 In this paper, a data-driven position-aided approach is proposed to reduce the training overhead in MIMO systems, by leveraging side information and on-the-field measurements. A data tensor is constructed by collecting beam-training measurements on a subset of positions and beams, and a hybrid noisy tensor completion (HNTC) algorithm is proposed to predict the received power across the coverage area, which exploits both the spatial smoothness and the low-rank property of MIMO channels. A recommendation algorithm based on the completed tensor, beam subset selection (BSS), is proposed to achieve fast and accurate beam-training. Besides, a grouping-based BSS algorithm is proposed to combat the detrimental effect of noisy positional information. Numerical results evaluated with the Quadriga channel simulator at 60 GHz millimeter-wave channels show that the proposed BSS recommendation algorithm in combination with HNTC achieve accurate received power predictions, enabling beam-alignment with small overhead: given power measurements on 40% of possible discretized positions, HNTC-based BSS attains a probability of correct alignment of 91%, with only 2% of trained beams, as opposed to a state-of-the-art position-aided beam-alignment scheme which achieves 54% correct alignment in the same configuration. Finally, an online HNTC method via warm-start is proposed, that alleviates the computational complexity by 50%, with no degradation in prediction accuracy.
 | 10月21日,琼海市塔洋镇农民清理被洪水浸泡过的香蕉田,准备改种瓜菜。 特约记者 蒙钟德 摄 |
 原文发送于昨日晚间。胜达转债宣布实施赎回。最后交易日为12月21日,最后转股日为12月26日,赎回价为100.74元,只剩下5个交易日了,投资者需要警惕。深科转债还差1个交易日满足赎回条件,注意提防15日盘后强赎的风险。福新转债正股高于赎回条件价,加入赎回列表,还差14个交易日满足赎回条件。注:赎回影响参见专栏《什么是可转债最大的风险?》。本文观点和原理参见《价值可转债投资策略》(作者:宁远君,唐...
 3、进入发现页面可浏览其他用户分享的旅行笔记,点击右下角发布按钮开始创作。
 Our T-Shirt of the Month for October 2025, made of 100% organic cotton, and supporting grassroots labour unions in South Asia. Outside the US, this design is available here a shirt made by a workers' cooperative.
• • • • • • •
Exercise prompt
Write out the data again in full. Match it exactly.

Solved exercise
 In this paper, a data-driven position-aided approach is proposed to reduce the training overhead in MIMO systems, by leveraging side information and on-the-field measurements. A data tensor is constructed by collecting beam-training measurements on a subset of positions and beams, and a hybrid noisy tensor completion (HNTC) algorithm is proposed to predict the received power across the coverage area, which exploits both the spatial smoothness and the low-rank property of MIMO channels. A recommendation algorithm based on the completed tensor, beam subset selection (BSS), is proposed to achieve fast and accurate beam-training. Besides, a grouping-based BSS algorithm is proposed to combat the detrimental effect of noisy positional information. Numerical results evaluated with the Quadriga channel simulator at 60 GHz millimeter-wave channels show that the proposed BSS recommendation algorithm in combination with HNTC achieve accurate received power predictions, enabling beam-alignment with small overhead: given power measurements on 40% of possible discretized positions, HNTC-based BSS attains a probability of correct alignment of 91%, with only 2% of trained beams, as opposed to a state-of-the-art position-aided beam-alignment scheme which achieves 54% correct alignment in the same configuration. Finally, an online HNTC method via warm-start is proposed, that alleviates the computational complexity by 50%, with no degradation in prediction accuracy.
 | 10月21日,琼海市塔洋镇农民清理被洪水浸泡过的香蕉田,准备改种瓜菜。 特约记者 蒙钟德 摄 |
 原文发送于昨日晚间。胜达转债宣布实施赎回。最后交易日为12月21日,最后转股日为12月26日,赎回价为100.74元,只剩下5个交易日了,投资者需要警惕。深科转债还差1个交易日满足赎回条件,注意提防15日盘后强赎的风险。福新转债正股高于赎回条件价,加入赎回列表,还差14个交易日满足赎回条件。注:赎回影响参见专栏《什么是可转债最大的风险?》。本文观点和原理参见《价值可转债投资策略》(作者:宁远君,唐...
 3、进入发现页面可浏览其他用户分享的旅行笔记,点击右下角发布按钮开始创作。
 Our T-Shirt of the Month for October 2025, made of 100% organic cotton, and supporting grassroots labour unions in South Asia. Outside the US, this design is available here a shirt made by a workers' cooperative.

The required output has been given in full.